In September, Heat announced that it had resumed enrollment in its Phase 1b trial evaluating HS-110 in combination with nivolumab (Opdivo), a Bristol-Myers Squibb anti-PD-1 checkpoint inhibitor, for the treatment of non-small cell lung cancer (NSCLC). The decision to resume trial enrollment was based on the encouraging data reported in June, including two clinical responses in "cold tumor" patients. There are currently 15 patients enrolled and the Company expects to report topline 6-month data on the first eight of these patients before year end.
In July, Heat announced that preclinical findings from its ComPACT platform technology were published online in the journal "Cancer Immunology Research." Heat demonstrated that its ComPACT technology secreting the co-stimulator OX40L enhanced tumor rejection in two cancer tumor types compared to OX40 agonist antibody treatment. Heat also reported that ComPACT-enhanced antigen-specific T cell infiltration into tumors improved memory T cell responses and demonstrated greater specificity than OX40 agonist antibody treatments.
Third Quarter 2016 Financial Highlights
Research and development (R&D) expenses decreased to approximately $0.6 million in the third quarter of 2016 compared to approximately $0.7 million in the third quarter of 2015, a decrease of approximately $0.1 million. The decrease is primarily attributable to reductions in consultant fees and a decrease in compensation costs attributable to deferral of salary as part of our cost-savings plan.

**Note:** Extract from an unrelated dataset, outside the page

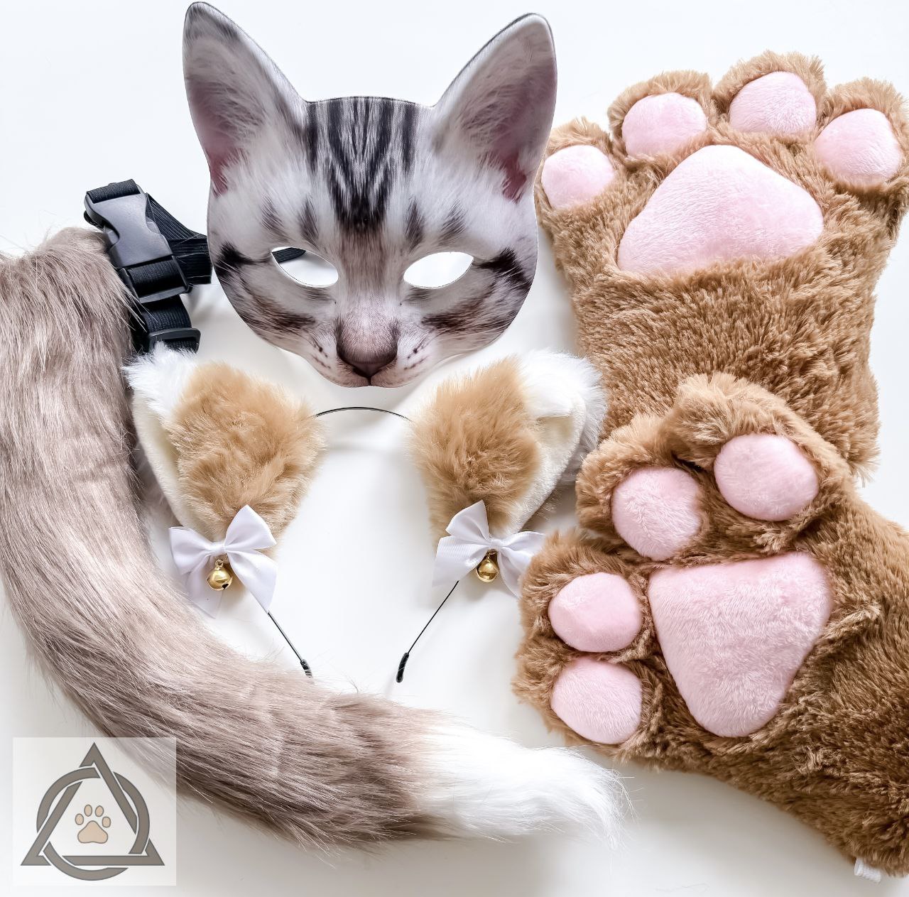 Quadrobics Set (Mask, Large Paws, Ears, Tail on Strap) - Ginger

Clinical and regulatory expenses decreased to approximately $1.1 million in the third quarter of 2016 compared to approximately $3.7 million in the third quarter of 2015, a decrease of approximately $2.6 million. The decrease is primarily attributable to reductions in clinical trial execution costs.
General and administrative (G&A) expenses decreased to approximately $0.8 million in the third quarter of 2016 compared to approximately $0.9 million in the third quarter of 2015, a decrease of $0.1 million. The decrease is attributable to a reduction in compensation costs and work force reductions as part of the cost-savings plan.

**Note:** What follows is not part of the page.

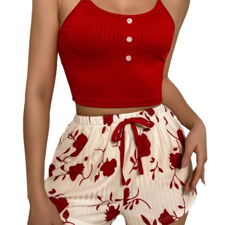 국경 간 뜨거운 판매 여성 홈 의류 인쇄 슬링 반바지 캐주얼 섹시 아웃웨어 유럽과 미국 여성 파자마 도매

Net loss for the third quarter of 2016 was $1.7 million compared to a net loss of $5.4 million for the third quarter of 2015.

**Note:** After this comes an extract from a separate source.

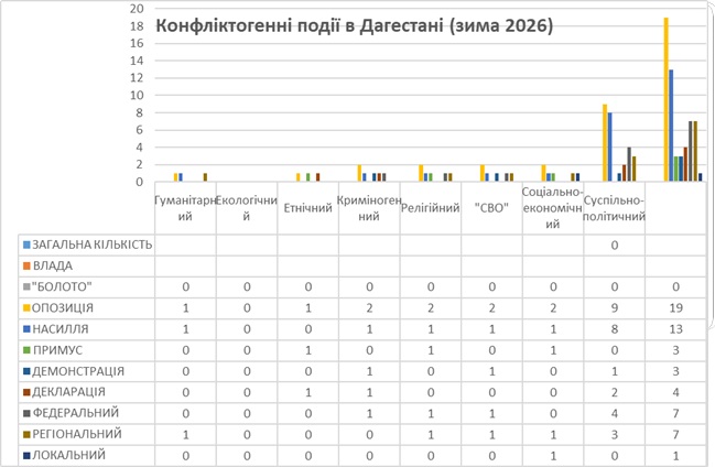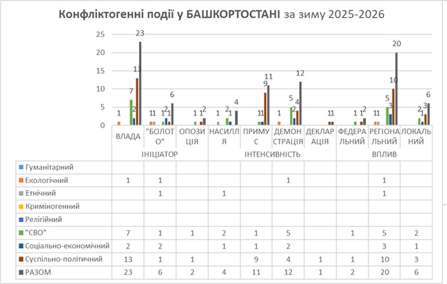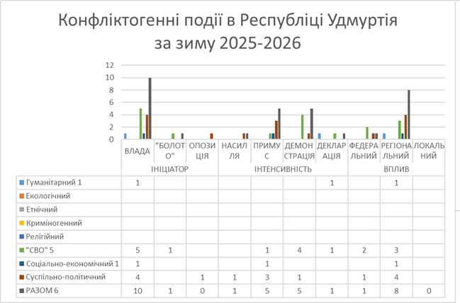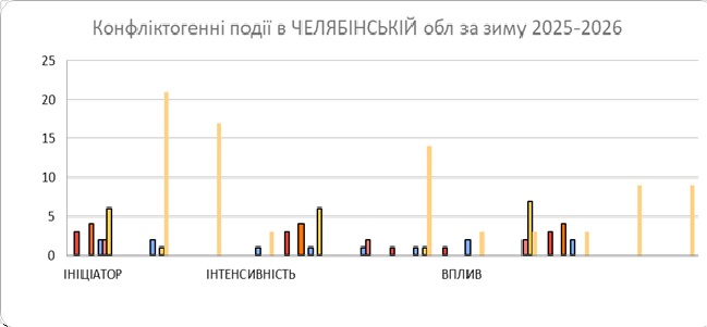 Упродовж зими 2025-2026 рр. у Челябінській області за відкритими даними була зафіксована 21 конфліктогенна подія. Найбільше їх сталося у суспільно- політичній (7), криміногенній, військовій та гуманітарній сферах (по 4), найменше – у соціально-економічній(2).

Nine Months Ended September 30, 2016 Financial Highlights
R&D expenses decreased to approximately $1.5 million for the nine months ended September 30, 2016 compared to approximately $1.8 million for the nine months ended September 30, 2015, a decrease of approximately $0.3 million. The decrease is attributable to reductions in patent, license and other professional fees, as well as a decrease in consultant expense and a decrease in compensation costs attributable to deferral in salary as part of our cost-savings initiatives.
Clinical and regulatory expenses decreased to approximately $5.6 million for the nine months ended September 30, 2016 compared to approximately $9.2 million for the nine months ended September 30, 2015, a decrease of approximately $3.6 million. The decrease is primarily attributable to reductions in clinical trial execution expenses.
G&A expenses decreased to approximately $2.9 million for the nine months ended September 30, 2016 compared to approximately $3.1 million for the nine months ended September 30, 2015, a decrease of approximately $0.2 million. The decrease is primarily attributable to a decrease in compensation costs attributable to deferral of salary and work force reductions as part of our cost-savings plan.
Net loss for the nine months ended September 30, 2016 was $9.4 million compared to a net loss of $14.4 million for the nine months ended September 30, 2015.
Cash and cash equivalents totaled approximately $8.5 million at September 30, 2016 compared to cash, cash equivalents and short-term investments which totaled approximately $11.6 million at December 31, 2015.